December 4, 2015 at 8:28 am
Dear experts
I have a rather difficult record selection problem in a SQL 2012 database which results from sometimes-missing data.
First, the way it is supposed to work…
I have a table with registration details of patients in a population. There are about half a million patients, and each time their details change, a new record is generated. Each record has a patient ID and a From Date and To Date showing the date range in which the details stored on the record were applicable.
In principle therefore it should be straightforward, given a date, to pull out the relevant record for every patient in the population, using something like SELECT field1, …WHERE (DateAsAt >= IndexStartDate ) AND (DateAsAt<=IndexEndDate).
Very often, the From date in the “first” record for a given patient is null, representing some date in the dim and distant past. OK then, lets modify our naïve selection criteria to WHERE ((IndexStartDate IS NULL) OR( IndexStartDate<=DateAsAt)) AND (DateAsAt<=IndexEndDate).

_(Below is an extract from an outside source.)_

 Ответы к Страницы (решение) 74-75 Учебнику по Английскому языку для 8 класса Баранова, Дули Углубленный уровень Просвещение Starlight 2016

This approach is however spannered by the fact that cases exist where the FromDate may be null multiple time for a given patient. (The To Date is always present, thankfully!) For instance:
PatientIDFromDateToDate
PatientANULL2015-01-19value11,value12, …
PatientANULL2015-06-30Value21,Value22, …
PatientANULL2500-12-31value31,value32, …
I am assuming that if the data were complete, it would read like this:
PatientIDFromDateToDate
PatientANULL2015-01-19value11,value12, …
PatientA2015-01-202015-06-30Value21,Value22, …
PatientA2015-07-012500-12-31value31,value32, …

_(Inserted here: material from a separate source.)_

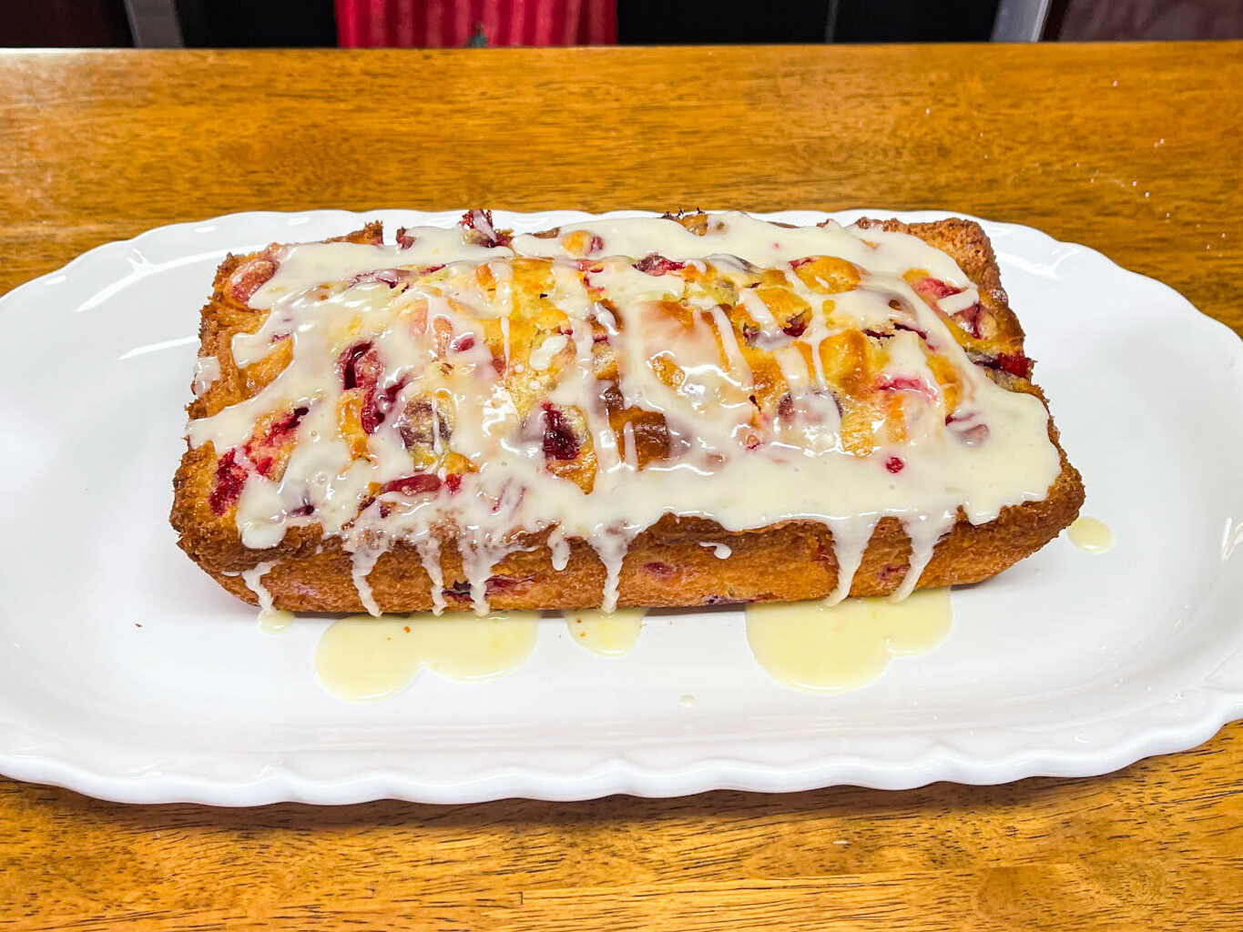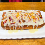 In a medium bowl whisk powdered sugar to remove lumps. Whisk in 2 TBS orange juice until it forms a drizzle.NOTE: if too thin add more powdered sugar. If too thick add milk to thin it out. Drizzle glaze over cooled orange cranberry bread. Slice & Enjoy.

Suppose I want to pull out the record that was current as at 2015-01-01. All three records fulfil my second WHERE condition, but I am most interested in the one whose ToDate is nearest to the AsAtDate, while still being greater than or equal to it.
So, what is a good way of framing the criteria to get the record I want, while still (if possible) handling the non-deficient cases correctly? I suspect I am into windowing functions and/or subqueries, but need some inspiration.
Yours hopefully
Mark Dalley
December 4, 2015 at 8:47 am
Can you post some DDL and sample data? It would be helpful to understand, too, where the dates in your second result set are coming from.
-- Itzik Ben-Gan 2001
December 4, 2015 at 8:49 am
Something like this?
SELECT * FROM Patients
WHERE @AsAtDate BETWEEN >= ToDate
AND @AsAtDate < LEAD(ToDate,1) OVER (PARTITION BY PatientID ORDER BY ToDate)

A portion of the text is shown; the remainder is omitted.